WheresYourSecretSadness · 26/10/2020 10:27

Who chose the downstairs room?

I asked her to take the downstairs room as I wanted to be next to DD as she has night terrors

OP posts:
LittleTiger007 · 26/10/2020 10:28

If you go to the toilet with your 8 year old every time... what on earth does she do when at school? You need to be helping her grow up a little, not perpetuating her phobias. Your bathroom is safe, she can and should be using it on her own.

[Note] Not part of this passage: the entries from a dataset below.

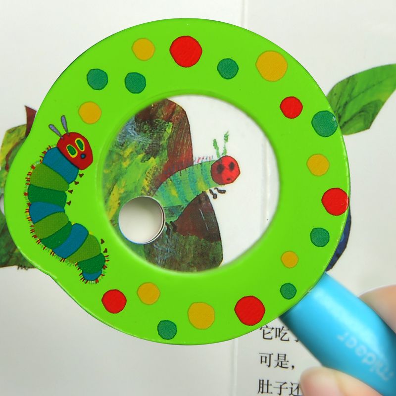 The magnifier is colourfully designed according to the illustrations of children's books by the famous author Eric Carle.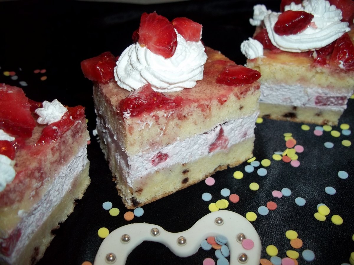 Decor: Se pun capsunile taiete peste blat apoi se decoreaza cu frisca.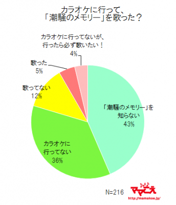 「カラオケに行って、『潮騒のメモリー』を歌った?」(n=216)と聞いたところ、歌う以前に「『潮騒のメモリー』を知らない」という回答が4割以上という結果になりました。一方、「歌った」(5%)、「カラオケに行ってないが、行ったら必ず歌いたい」(4%)という層も1割見られました。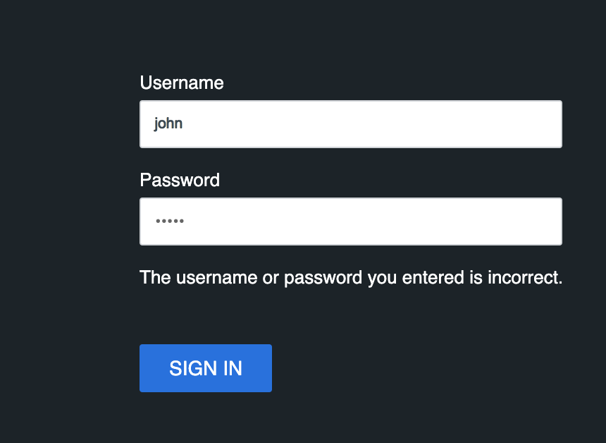 Figure 1. Knox Gateway UI: Incorrect username or password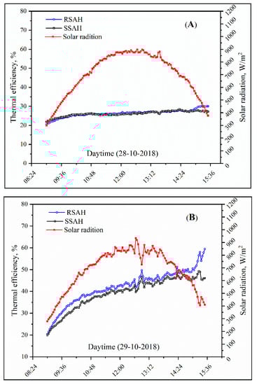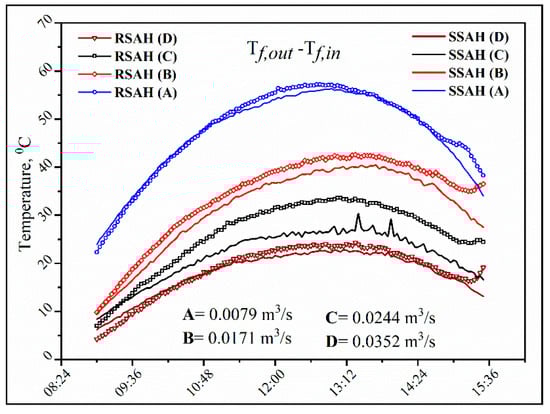3.1. Variation of Solar Radiation, Ambient Temperature, SAHs Air Outlet, and Inlet Temperature Differences for Roughened and Smooth Solar Air Heaters, Respectively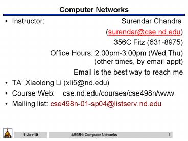 - Mailing list cse498n-01-sp04_at_listserv.nd.edu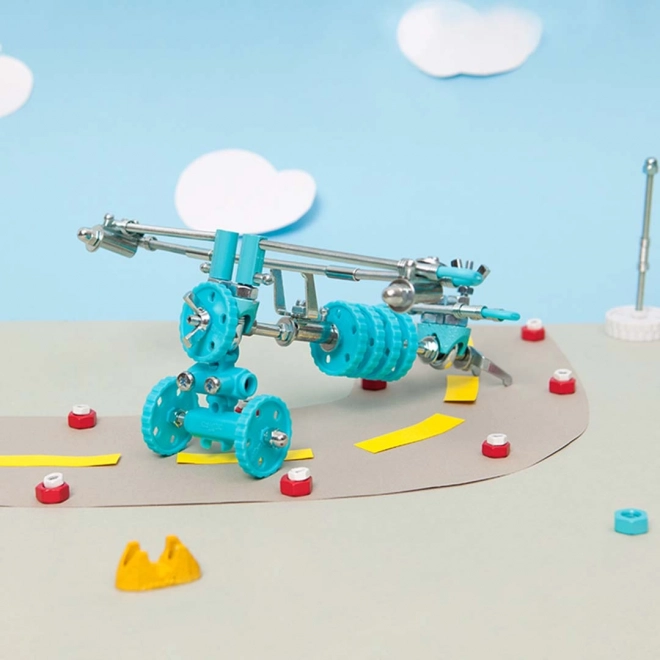 Verbind de onderdelen met karton, schroeven of andere alledaagse materialen en verleg de grenzen van je fantasie. Het spel ontwikkelt STEAM-vaardigheden (wetenschap, technologie, engineering, kunst, wiskunde) en versterkt ruimtelijk inzicht, probleemoplossend vermogen en fantasievol spel.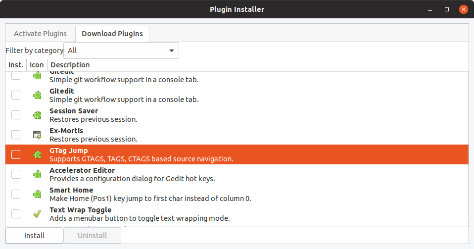 Finally start Gedit and enable the plugin installer under Preferences / Plugins.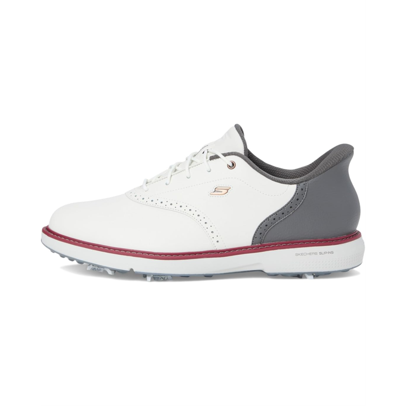 • The Skechers Go Golf Prestige Slip-In ArchFit Spiked Golf Shoe is the perfect combination of classic style and performance. The Skechers Slip-In technology makes putting on the shoes a breeze. The podiatrist recommended ArchFit support can help alleviate aches throughout the body, improve balance, and allow for the proper dispersion of weight across the foot to reduce fatigue. The upper material is made out of full grain leather in a classic styling. The soft spikes are replaceable. Crafted from cotton lining, and leather insole, this pair of shoes features round toe, lace-up closure, mid-top silhouette, Echo flight midsole, and brand detailing on the tongue, and footbed.

stackemhigh · 26/10/2020 10:28

@inappropriateraspberry

Those saying the op has her own private bathroom, has she said she doesn't want anyone else to use it? She may be just as happy to have the others use it if they're upstairs.
I don’t think OP was being unreasonable, but what you’ve posted is not a like for like, as her friend is unlikely to want to go to OP’s room to use her bathroom when hers is downstairs.
Aragog · 26/10/2020 10:28

I'd definitely prefer you to use your own toilet. Going upstairs is hardly a traipse, even for a child. In many houses it's the norm anyway.

I definitely wouldn't want you walking through my bedroom.

Even pre Covid that wouldn't have been something I'd have wanted, let alone now.

I wouldn't dream of walking through someone's bedroom to access the toilet when there were alternatives!